**Problem requirements:** The entries are to be reproduced verbatim, and their pictures left out.

Records for the task Start Marker

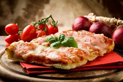 Morceau de pizza au poulet et aux champignons sur une plaque blanche à rayures noiresMorceau de pizza au poulet et aux champignons sur une plaque blanche à rayures noires
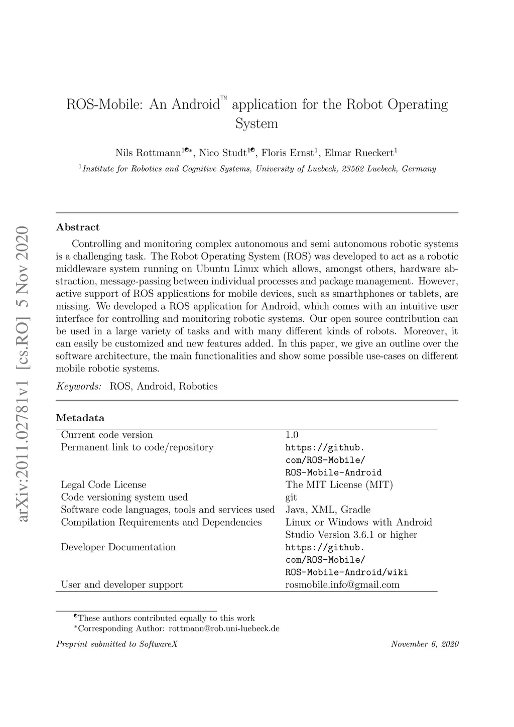 Controlling and monitoring complex autonomous and semi autonomous robotic systems is a challenging task. The Robot Operating System (ROS) was developed to act as a robotic middleware system running on Ubuntu Linux which allows, amongst others, hardware abstraction, message-passing between individual processes and package management. However, active support of ROS applications for mobile devices, such as smarthphones or tablets, are missing. We developed a ROS application for Android, which comes with an intuitive user interface for controlling and monitoring robotic systems. Our open source contribution can be used in a large variety of tasks and with many different kinds of robots. Moreover, it can easily be customized and new features added. In this paper, we give an outline over the software architecture, the main functionalities and show some possible use-cases on different mobile robotic systems.
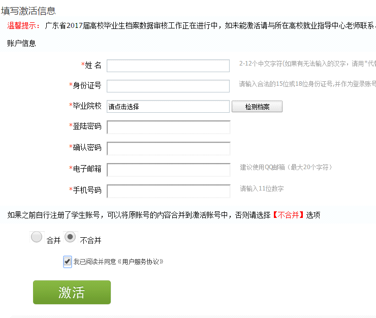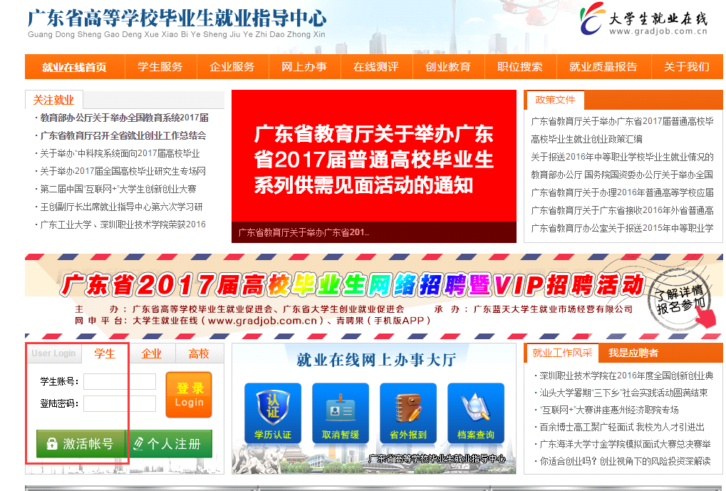1、激活账号(若毕业生账号已激活,可跳过此步)。打开大学生就业在线网站(www.gradjob.com.cn),在首页的左中位置找到“激活账号”按钮进入激活页面,在激活页面填写详细个人信息。激活账号后可在首页登录界面登录,账号为身份证号,密码为激活时设置的密码。
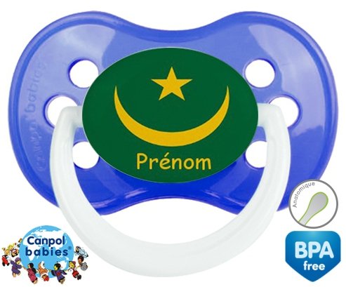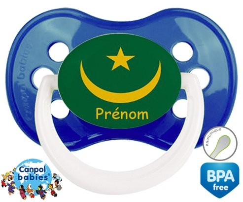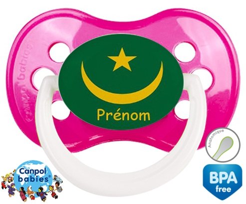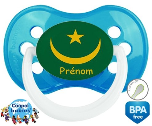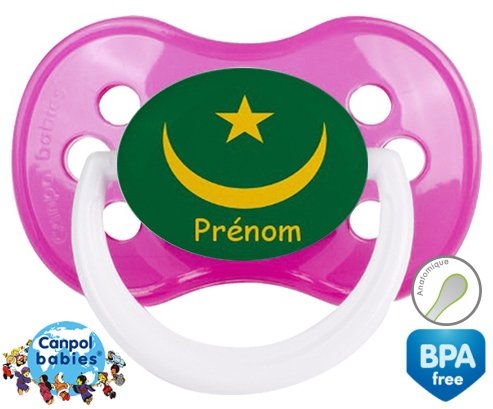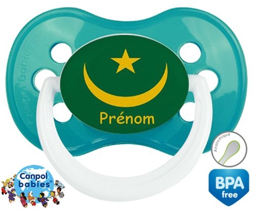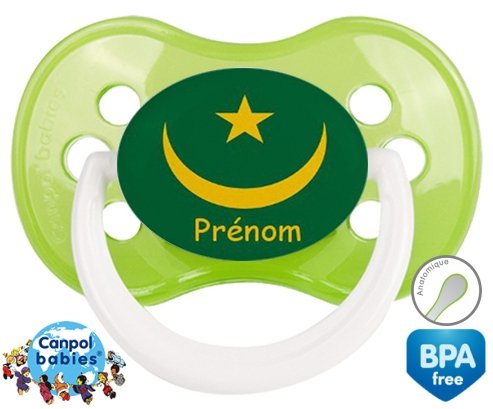 Sucette personnalisée pour bébé Drapeau mauritanie + prénom à embout Anatomique en silicone de la marque Canpol Babies avec impression en en Couleurs de la collection Prénom personnalisé.La silicone se reconnaît par sa couleur transparente. C'est une matière souple, douce, sans goût ni odeur et offre à bébé une succion plus facile grâce à sa souplesse.
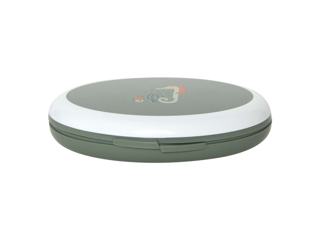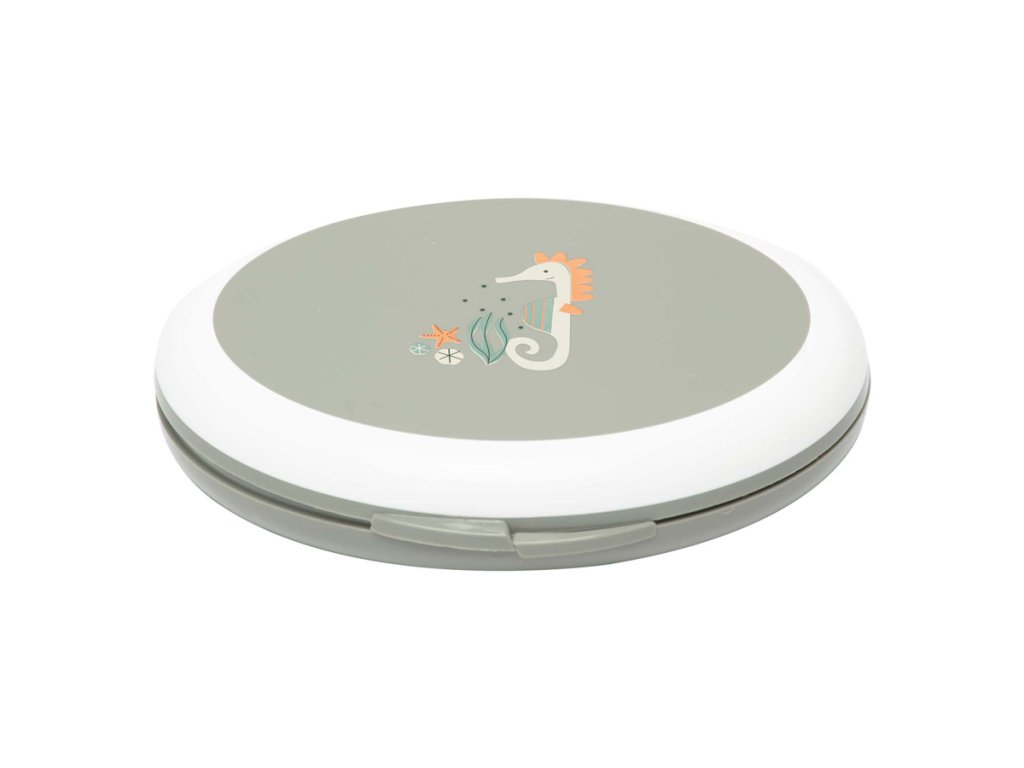 Obsahuje nůžky se zakulacenými konci, pilníček na nehty a také kleštičky na nehty. Vše je vyrobeno z nerezavějící ušlechtilé oceli. Krabička s výrazným motivem na víčku chrání před prachem a pomáhá udržovat manikúru v čistotě. Ale i přesto před každým použitím jednotlivé nástroje pečlivě očistěte a u novorozenců i desinfikujte roztokem lihu.
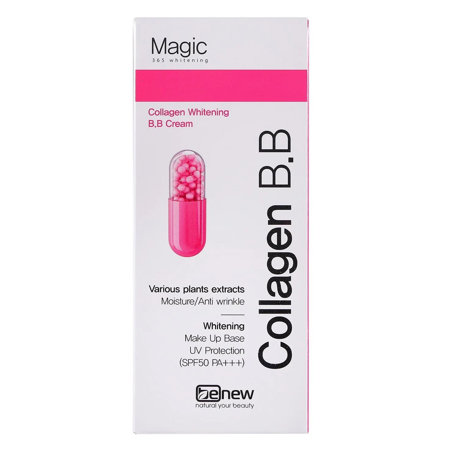 Kem trang điểm Benew Magic Snow White chiết xuất từ Sáp ong, bột ngọc trai mang lại sức mạnh vượt trội với tính năng 3 in 1: Kem trang điểm, kem lót nền, kem che khuyết điểm hoàn hảo giúp che phủ cực tốt các khuyết điểm trên da. Ngoài ra kem B.B BENEW còn có tác dụng: Dưỡng trắng da, Chống nắng, Chống nhăn, Dưỡng ẩm...vì thế khi sử dụng, làn da vừa được che phủ các khuyết điểm mà vẫn tự nhiên, càng xoa đều càng thấm vào da giúp dưỡng ẩm da một cách hài hòa.
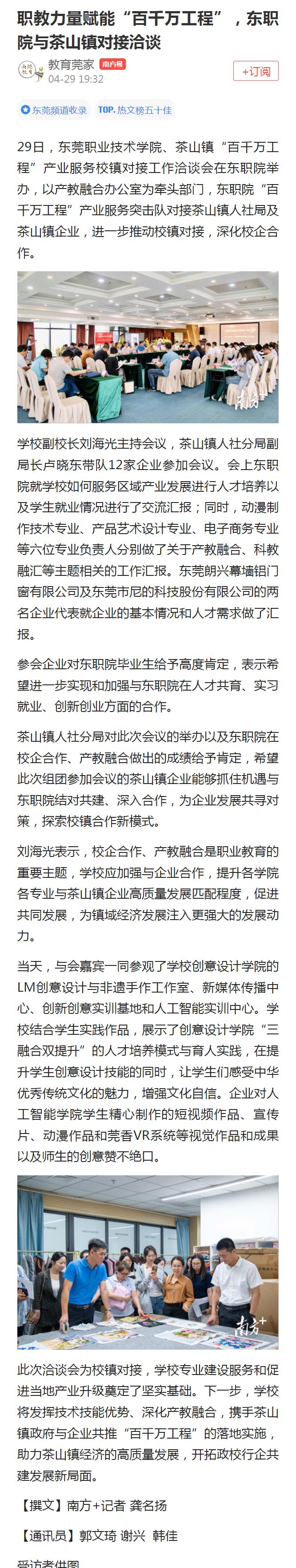 【南方+】职教力量赋能“百千万工程”,东职院与茶山镇对接洽谈
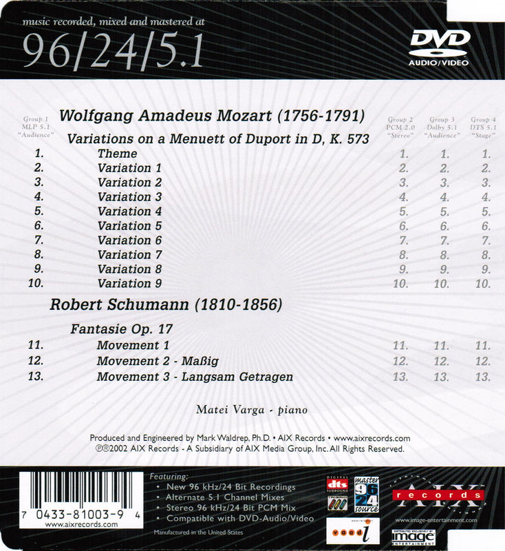AIX RecordsMozart: Variations K 573; Schumann: Fantasie / Matei Varga
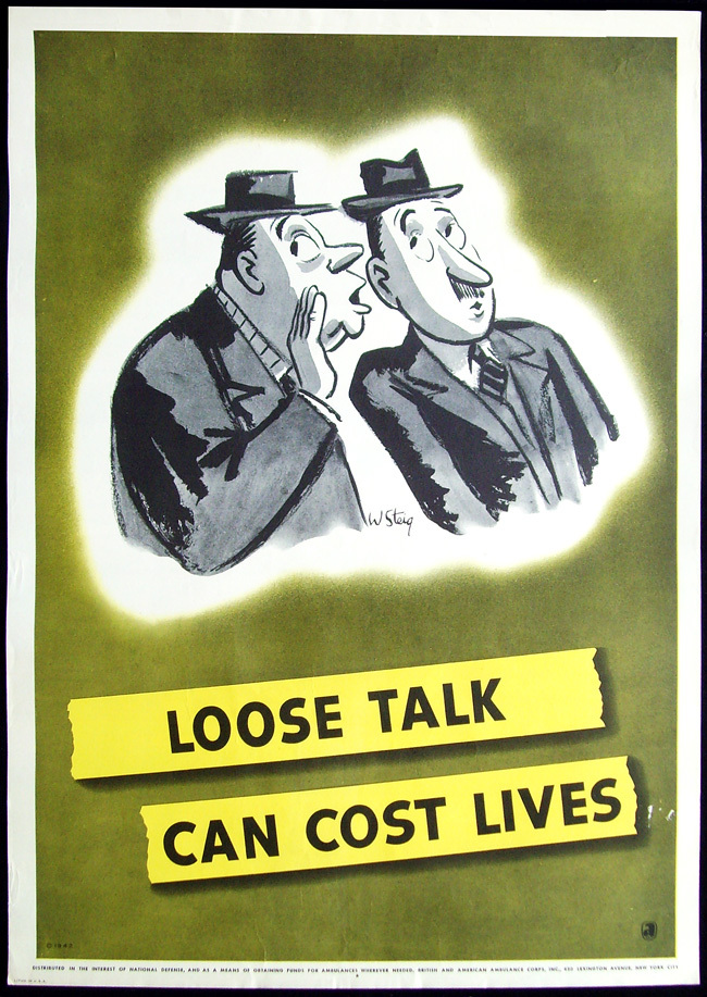 "LOOSE TALK CAN COST LIVES" below men whispering. Signed "W Steig".

Records for the task End Marker

**Solution for this problem:**
 Morceau de pizza au poulet et aux champignons sur une plaque blanche à rayures noiresMorceau de pizza au poulet et aux champignons sur une plaque blanche à rayures noires
 Controlling and monitoring complex autonomous and semi autonomous robotic systems is a challenging task. The Robot Operating System (ROS) was developed to act as a robotic middleware system running on Ubuntu Linux which allows, amongst others, hardware abstraction, message-passing between individual processes and package management. However, active support of ROS applications for mobile devices, such as smarthphones or tablets, are missing. We developed a ROS application for Android, which comes with an intuitive user interface for controlling and monitoring robotic systems. Our open source contribution can be used in a large variety of tasks and with many different kinds of robots. Moreover, it can easily be customized and new features added. In this paper, we give an outline over the software architecture, the main functionalities and show some possible use-cases on different mobile robotic systems.
1、激活账号(若毕业生账号已激活,可跳过此步)。打开大学生就业在线网站(www.gradjob.com.cn),在首页的左中位置找到“激活账号”按钮进入激活页面,在激活页面填写详细个人信息。激活账号后可在首页登录界面登录,账号为身份证号,密码为激活时设置的密码。
 Sucette personnalisée pour bébé Drapeau mauritanie + prénom à embout Anatomique en silicone de la marque Canpol Babies avec impression en en Couleurs de la collection Prénom personnalisé.La silicone se reconnaît par sa couleur transparente. C'est une matière souple, douce, sans goût ni odeur et offre à bébé une succion plus facile grâce à sa souplesse.
 Obsahuje nůžky se zakulacenými konci, pilníček na nehty a také kleštičky na nehty. Vše je vyrobeno z nerezavějící ušlechtilé oceli. Krabička s výrazným motivem na víčku chrání před prachem a pomáhá udržovat manikúru v čistotě. Ale i přesto před každým použitím jednotlivé nástroje pečlivě očistěte a u novorozenců i desinfikujte roztokem lihu.
 Kem trang điểm Benew Magic Snow White chiết xuất từ Sáp ong, bột ngọc trai mang lại sức mạnh vượt trội với tính năng 3 in 1: Kem trang điểm, kem lót nền, kem che khuyết điểm hoàn hảo giúp che phủ cực tốt các khuyết điểm trên da. Ngoài ra kem B.B BENEW còn có tác dụng: Dưỡng trắng da, Chống nắng, Chống nhăn, Dưỡng ẩm...vì thế khi sử dụng, làn da vừa được che phủ các khuyết điểm mà vẫn tự nhiên, càng xoa đều càng thấm vào da giúp dưỡng ẩm da một cách hài hòa.
 【南方+】职教力量赋能“百千万工程”,东职院与茶山镇对接洽谈
AIX RecordsMozart: Variations K 573; Schumann: Fantasie / Matei Varga
 "LOOSE TALK CAN COST LIVES" below men whispering. Signed "W Steig".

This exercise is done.